Lira nodded slowly. “Then be smart. Stay hooded. Keep your head down. And for gods’ sake, don’t manifest any fire. This city’s seen enough excitement for one day.”
“I’ll try not to spontaneously combust anyone.”
“That’s all I ask.”
I pushed myself to my feet, joints protesting. My body felt like it had been wrung out and hung to dry, but adrenaline was a hell of a drug. “Thank you. For this. For watching them.”
“They’re good children. Easy to protect.” Lira’s expression softened. “Go. Before I remember I’m supposed to be responsible.”
I went.
13
The eastern postern gate was exactly where Lira had said it would be, a narrow door set into the castle’s outer wall, almost invisible unless you knew to look for it. The guard stationed there was young, bored, and appeared to be losing a battle with consciousness.
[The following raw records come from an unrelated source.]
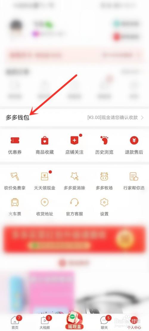 点击页面中间的【多多钱包】,即可打开多多钱包。
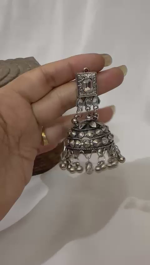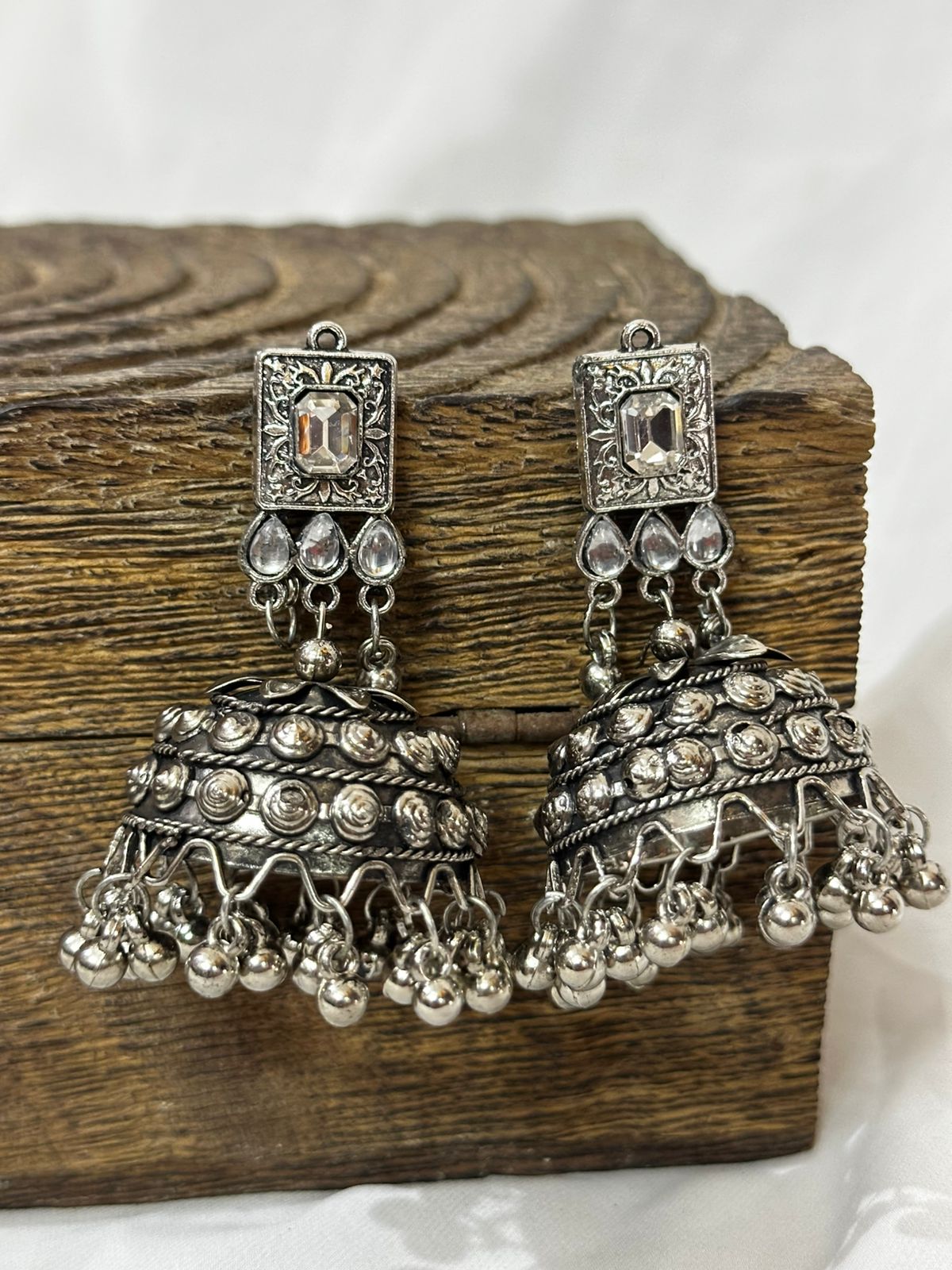 Add a timeless touch to your look with these oxidized square-top Jhumkas. Intricate carvings and ghungroo drops make them the perfect pick for everyday elegance or festive wear.
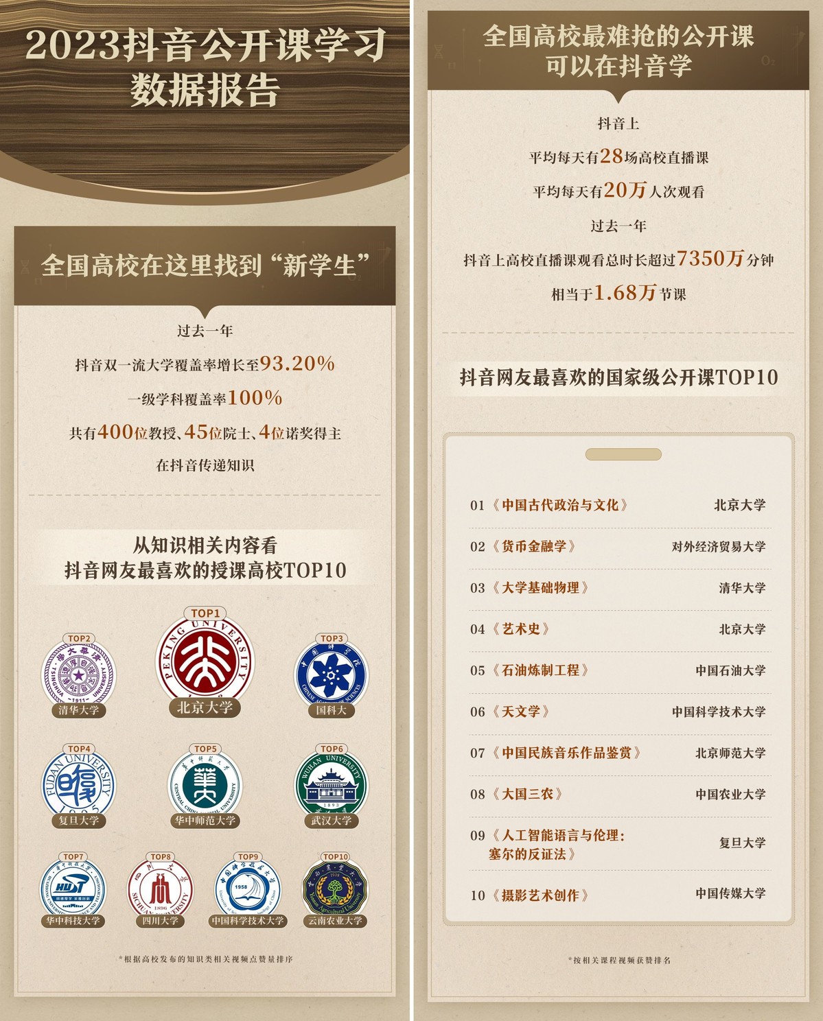 随着短视频和直播的普及,抖音已成为很多网友学习知识的新阵地。《2023抖音公开课学习数据报告》显示,过去一年,国内高校在抖音累计直播1万场,平均每天28场,总时长超过7350万分钟,相当于1.68万节课,网友观看超10亿次。抖音双一流大学公开课覆盖率增长至93.2%,一级学科覆盖率100%,包括45位院士、4位诺奖得主等在内的各路大咖在抖音开讲。

I waited in the shadows until his head drooped forward, then slipped past him like smoke.
The night air hit me cold and sharp, tasting of stone and starlight and freedom I hadn’t realised I’d been craving. I pulled my cloak tighter and oriented myself toward the distant glow of the city.
Two miles. I could do two miles.
I’d done so much worse.
The path down from the castle was winding, carved into the hillside in switchbacks that probably looked picturesque in daylight. Now they just looked treacherous, all loose stone and uncertain footing in the dark. But the moon was nearly full, and my eyes adjusted quickly.